Regresó a su cuarto, encendió la lámpara. Los perros, Dunas y Regio, rescatados de la calle, se encendían con emoción cuando la veían despertar, no podían esperar a que los sacara a pasear a la calle, a que corriera junto a ellos. Movían su cola y sacaban la lengua, Sofía les tomaba miles de fotografías, otra prueba más de cariño, pensaba, le gustaba inundarse de ellas.

Y les tenía emoción, les tenía apego, los procuraba y le preocupaban. Sabía perfectamente que no los quería. Los miraba y sonreía, sus pequeñas bestias que la socorrían cuando escuchaban ruidos extraños dentro del edificio, despertaban y se acercaban a la puerta. Protectores del umbral.

Se puso su sudadera y se miró al espejo, se acercó. Había algo distinto en ella esa mañana, se observó hasta tener su rostro tan de frente que podía ver el cambio en la forma de su pupila, lo entendió tan de pronto, todo tenía sentido.

No era ella, no estaba loca, simplemente no había otra forma en la que sucediera, estaba destinado a pasar. Sonrió, no podía negarse ahora que se había encontrado. Tanto tiempo buscándose, mirándose a través de ella y de los demás, todas esas fotografías que ahora le parecían inútiles e inservibles pero que después habrían de convertirse en el único lazo que la conectarían con la realidad.

“Todo estará bien eventualmente”, se decía una y otra vez. Cuando tenía una entrevista de trabajo, cuando iniciaba un nuevo día en el que se sentía devastada. Los funerales de amigos, de familiares, de hermanos. No sabría cuándo lo estaría pero sabía que pasaría, que todo estaría bien.

Abrió su diario y comenzó a escribir, por fin lo había encontrado, el momento perfecto, por fin se había encontrado mirándose al espejo, se había reconocido y no podía negarse. Tendrían que saberlo todos, llegaría la sana liberación del alma sobre el cuerpo.

Estaba a punto de amanecer, abrió la puerta. El frío viento de mañana la despertó por completo, se acercó a la terraza y esperó, como todas las mañanas, el amanecer. El cantar de los pájaros, el olor a esperanza.
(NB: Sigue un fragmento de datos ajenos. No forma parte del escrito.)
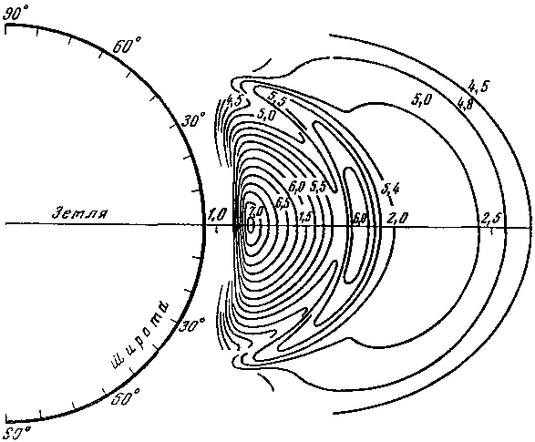Рис. 23. Распределение электронов с энергией, большей 5 мэВ, наблюдавшееся 10 ноября 1962 г.

No podría estar más contenta, saberse tan consciente de ese momento, vivirlo hasta el final.

Había escrito el final de una novela que nunca pudo terminar, las dos tomadas de la mano caían hasta el fondo del mar en una incepción de ideas mentales anidadas dentro del sueño, donde podría amarla, donde podría mirarle distinto. Al último momento, cuando el dragón estaba a punto de devorarlas, le soltaba la mano, sabía que no era ella, que era sólo el reflejo de una imagen construida por su cabeza.

La dejó y se dejó ir. Las sonrisas compartidas, los roces entre las piernas, los abrazos, los besos en la frente. Las conversaciones compartidas, las lágrimas que se derrocharon alguna vez, los consejos y las palabras transmitidas de una mujer perfecta que no pudo ser. “Hasta luego”, se decía, mientras con una sonrisa aterrizaba sobre el concreto de la avenida completamente vacía. No estaba loca, simplemente no podía amar.